Así se explica que aunque el área sembrada ha disminuido 20% desde 1981,
la producción promedio durante los 90 fue de 11.8 millones de sacos
anuales contra 10.2 en la década anterior. Solo que por este volumen de
producción se recibieron entonces en promedio US$3.110 millones por año y
en la década pasada apenas US$1.889, o sea, 48% menos por unidad.
La destacada labor de investigación
agrícola realizada en Colombia ha desarrollado ya la tecnología para
lograr una productividad promedio de 24 sacos por hectárea, que permitiría
hoy costos de entre US$0.55 y US$0.60 por libra. Pero no hay incentivos
suficientes para la tecnificación y renovación de cafetales.

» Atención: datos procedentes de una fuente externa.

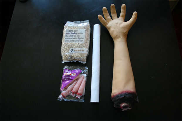 He conseguido superar todo mi brazo falso barato en un supermercado aquí en Irlanda del norte. Vendían por nada, pero reconozco que he pagado el precio completo por los dedos falsos, estuve tentado, y fueron vendidas más adelante esa semana. £ 1 ($1,60) un paquete no exactamente van a romper el Banco. La cebada perlada fue elegida porque es sólida, no escamosa o polvorientos, adecuadamente dimensionado y cuesta solamente 42p por 500g, lo que es muy barato para el relleno.
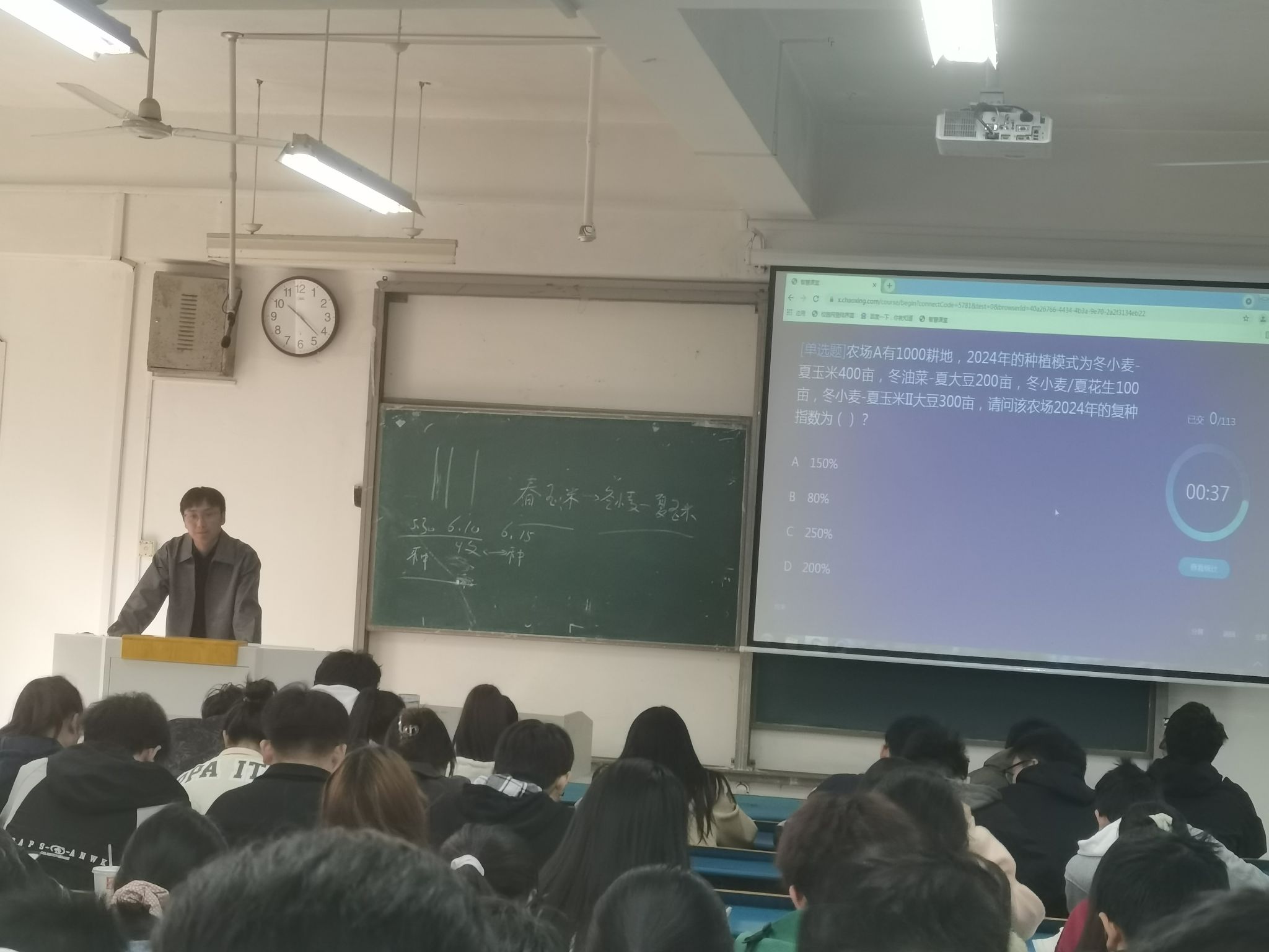 本次听评课活动中,杨雨豪的授课内容为《耕作学》第三章“复种”,在课堂教学过程中,杨雨豪博士充分运用了数字化教学手段,在超星学习通平台开展教学活动,授课内容条理清晰、重点明确,学生听讲认真、秩序良好、气氛活跃。
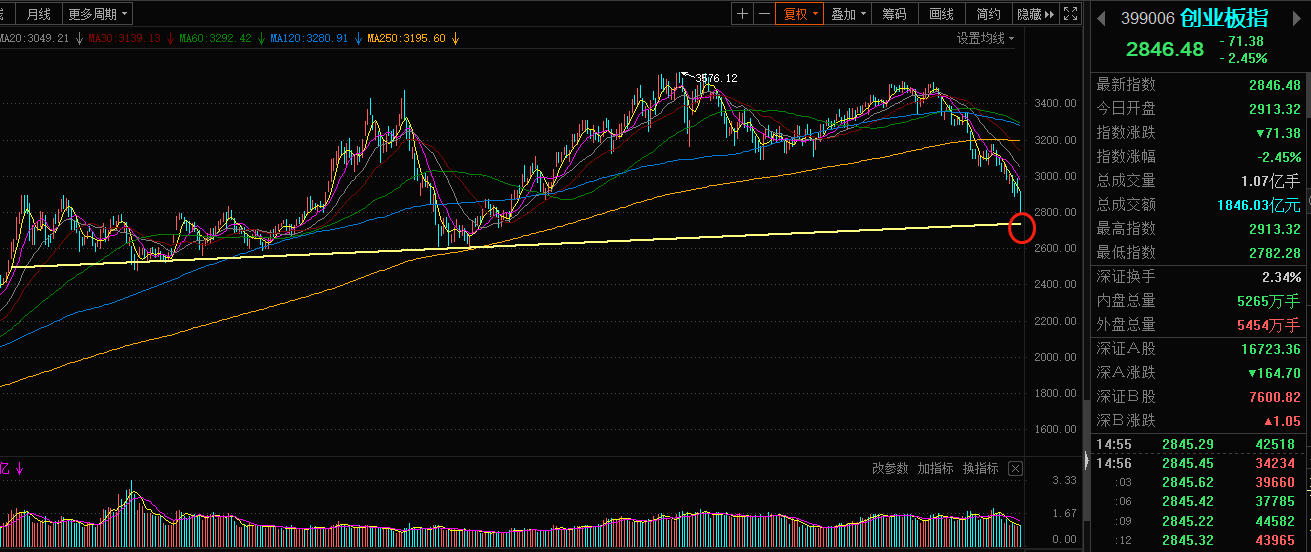 单独看创业板指数,距离2020年7月以来构筑的较大级别的支撑位还有一点距离,指数有可能反抽过后还会回踩这个平台,届时要看这个位置的支撑力度。
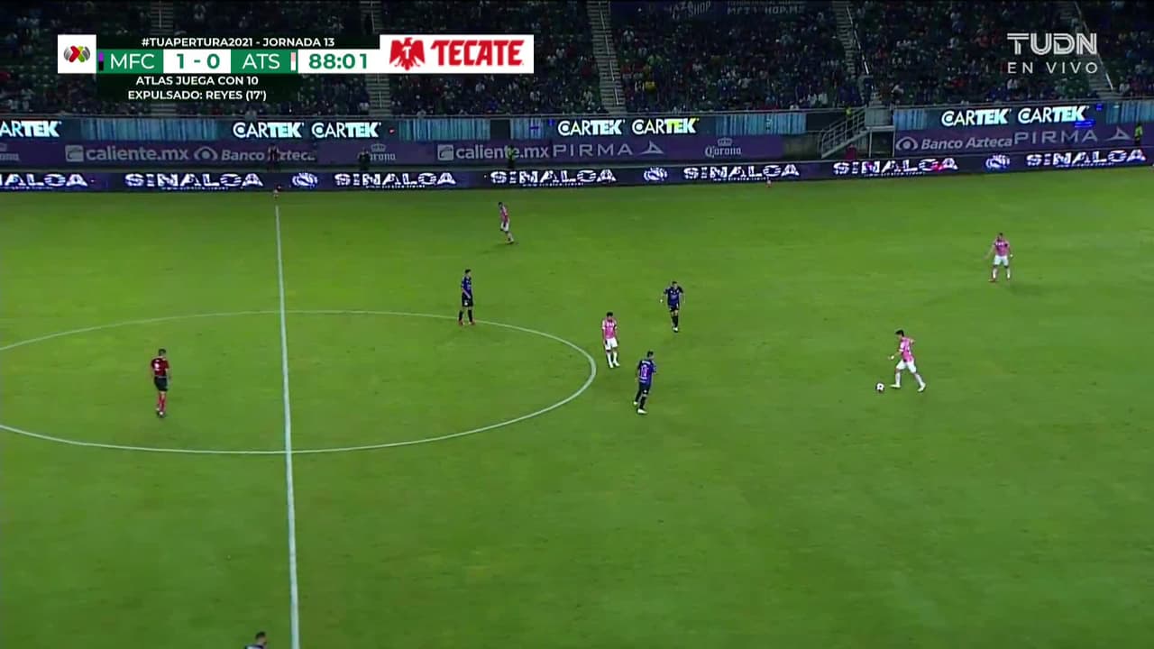 Giovanni Augusto (Mazatlán FC) remata al travesaño| zurdazo desde el centro del área. Asistencia de Nicolás Vikonis pase largo.
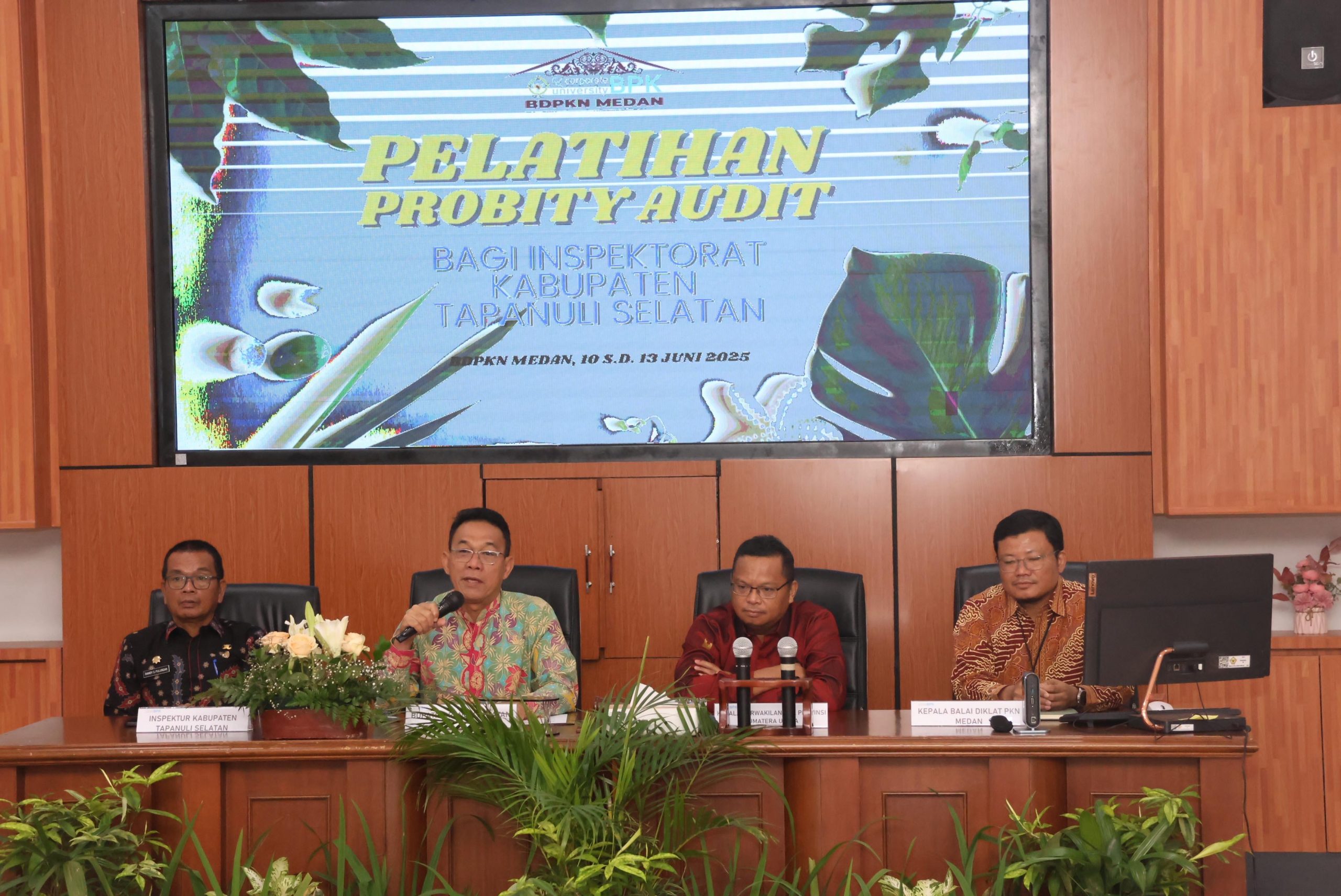Medan – Tuntasnews – Bupati Tapanuli Selatan (Tapsel), H. Gus Irawan Pasaribu, mengapresiasi Badan Pendidikan dan Pelatihan Pemeriksaan Keuangan Negara (Badiklat PKN) Medan atas kesempatan yang diberikan kepada staf Inspektorat Kabupaten Tapsel untuk mengikuti pelatihan Probity Audit. Pelatihan ini diadakan di Kantor Balai Diklat PKN Medan pada Selasa (10/6/2025), dengan tujuan untuk meningkatkan kapasitas sistem pengawasan internal pemerintahan daerah.
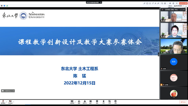 课堂教学是人才培养的基础单元,为了切实提升课堂教学质量,有效提升教学能力和教学水平,2022年12月15日下午,学院邀请辽宁省教师教学创新大赛特等奖获得者,土木工程系陈猛副教授作题为“课程教学创新设计及教学大赛参赛体会”的报告。本次会议采用线上会议的方式进行,学院党委书记艾国生、副院长贾蓬及各专业青年教师参加了此次报告,会议由贾蓬主持。
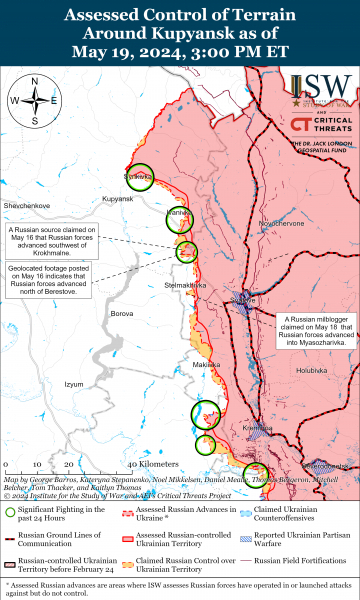 19 мая российские войска продолжали наступление на линии Купянск-Сватово-Кременная, однако подтвержденных изменений линии фронта не было. Россияне также продолжали наступать к северо-востоку от Купянска в районе Синьковки и к северо-западу от Сватового возле Ивановки, Берестового, Кисловки, Степной Новоселовки, Стельмаховки.
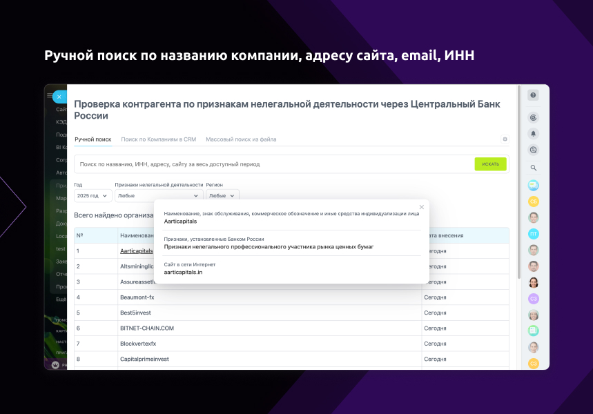 Ручной поиск по названию компании, адресу сайта, email, ИНН.
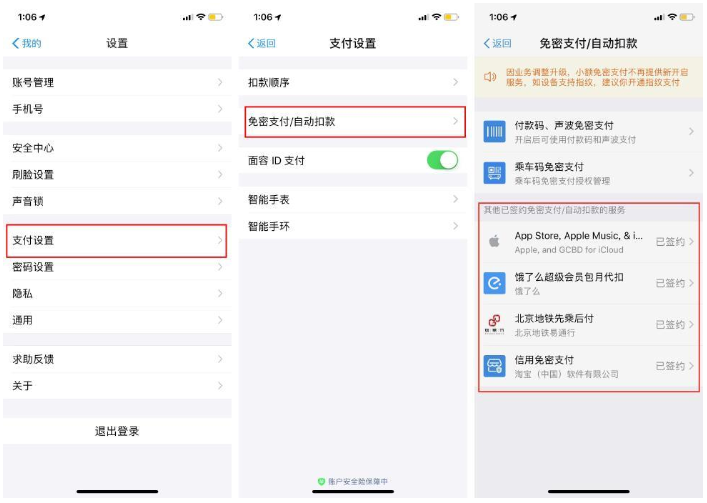 对于大部分服务,你都可以点击后在接下来的页面直接解除,例如App Store的免密支付。但也有部分服务,如北京地铁的先乘后付,只能通过相应的App进行解除。
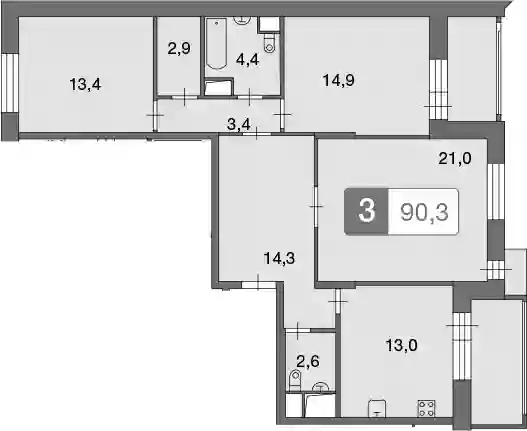 12 390 310 ₽3-к.квартира, 90.3 м², 9 эт.
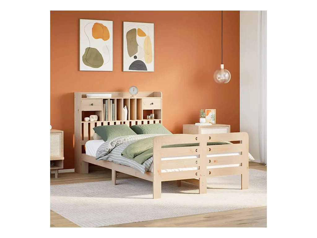 Cama con estantería sin colchón madera maciza de pino 135x190cm
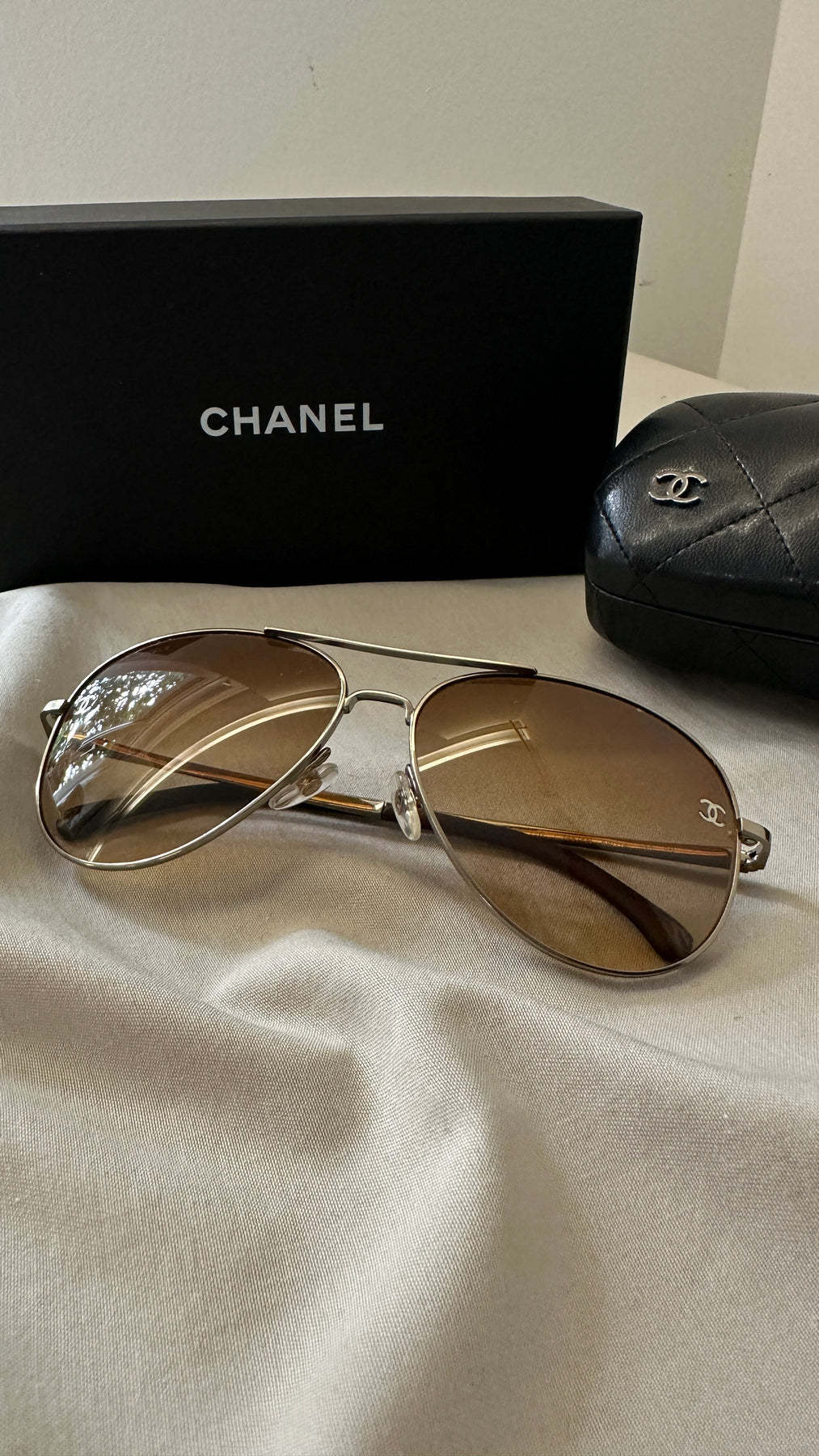 Dieses Modell von Chanel präsentiert sich im zeitlosen Aviator-Stil mit feinem Rahmen und ikonischem Design. Die Kombination aus klassischer Form und modernen Details macht sie zu einem stilvollen Begleiter für jede Saison.
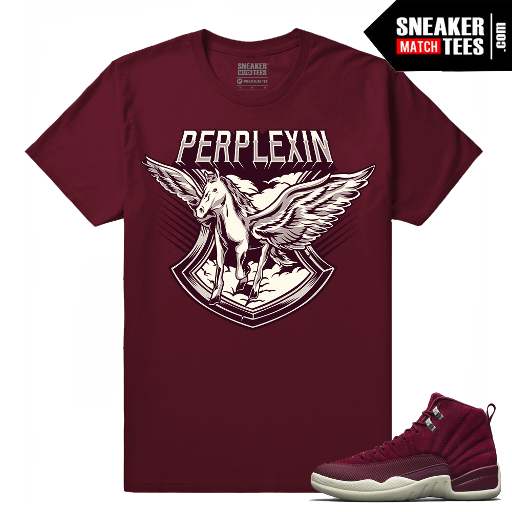 Shirts Match Jordan 12 Bordeaux. Sneaker Match Tees ® “Pegasus” Bordeaux Streetwear T-shirt. Jordan 12 sneaker tee matching streetwear clothing collection. Air Jordan 12 Bordeaux colorway. View the entire Sneaker Match Tees ® matching collection of Jordan 12 Bordeaux Shirts, hoodies, and crewneck sweaters.
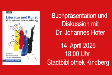 Dr. Johannes Hofer präsentiert sein neues Buch „Literatur und Kunst als Scheinwelt oder Aufklärung – Zur Kritik der Geisteskultur unserer Postmoderne“ am 14. April um 18.00 Uhr in der Stadtbibliothek Kindberg.
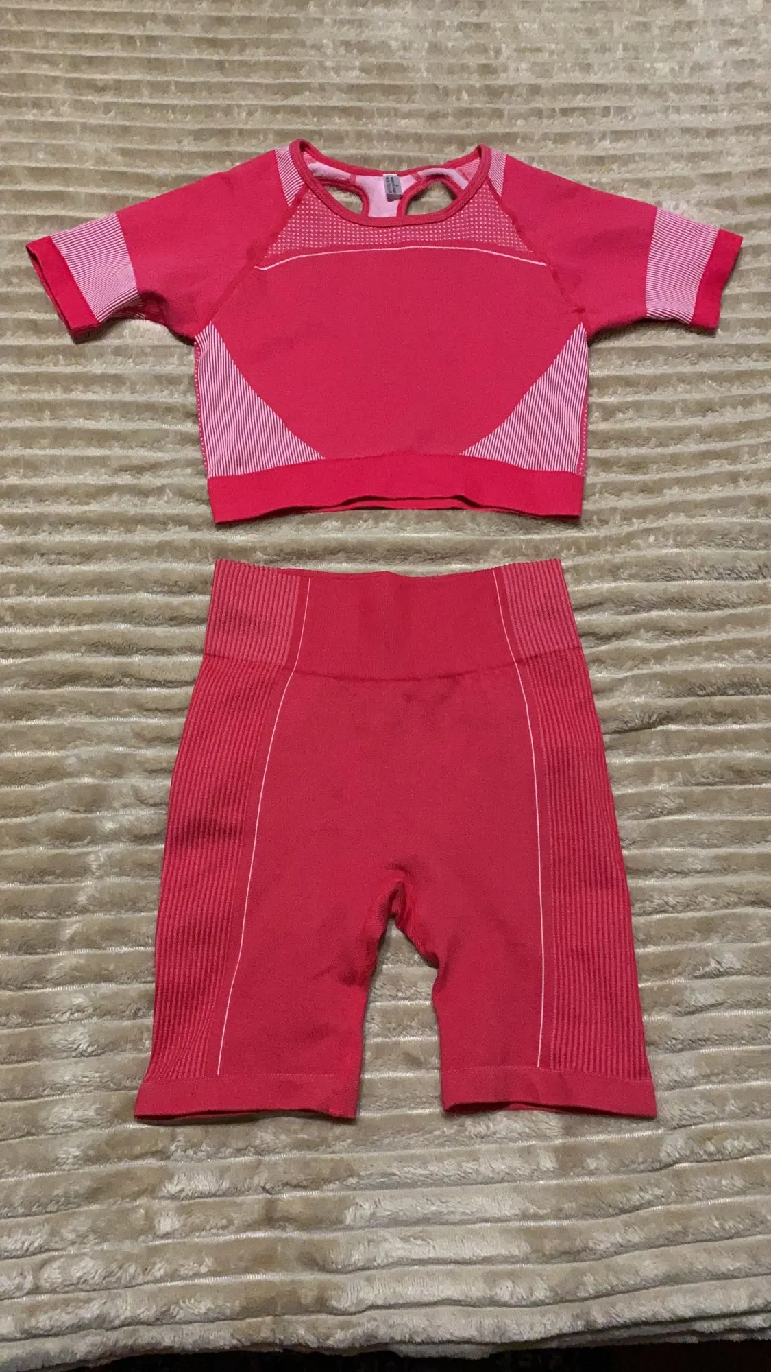 Комплект Для Йоги Женский бесшовный, топ с коротким рукавом и шорты с высокой талией

Se calcula
que se deberían adecuar entre 150.000 y 200.000 hectáreas mediante
renovación y densificación, adicionales a las 200.000 renovadas durante la
década pasada14. No obstante, por falta de financiación adecuada y de la
garantía mínima de un precio interno de sustentación de $300.000 por
carga, muchos de los cultivadores siguen sin adoptar el programa
tecnológico recomendado por Cenicafé, concebido para alcanzar este nuevo
nivel de eficiencia y evitar el rezago productivo del país.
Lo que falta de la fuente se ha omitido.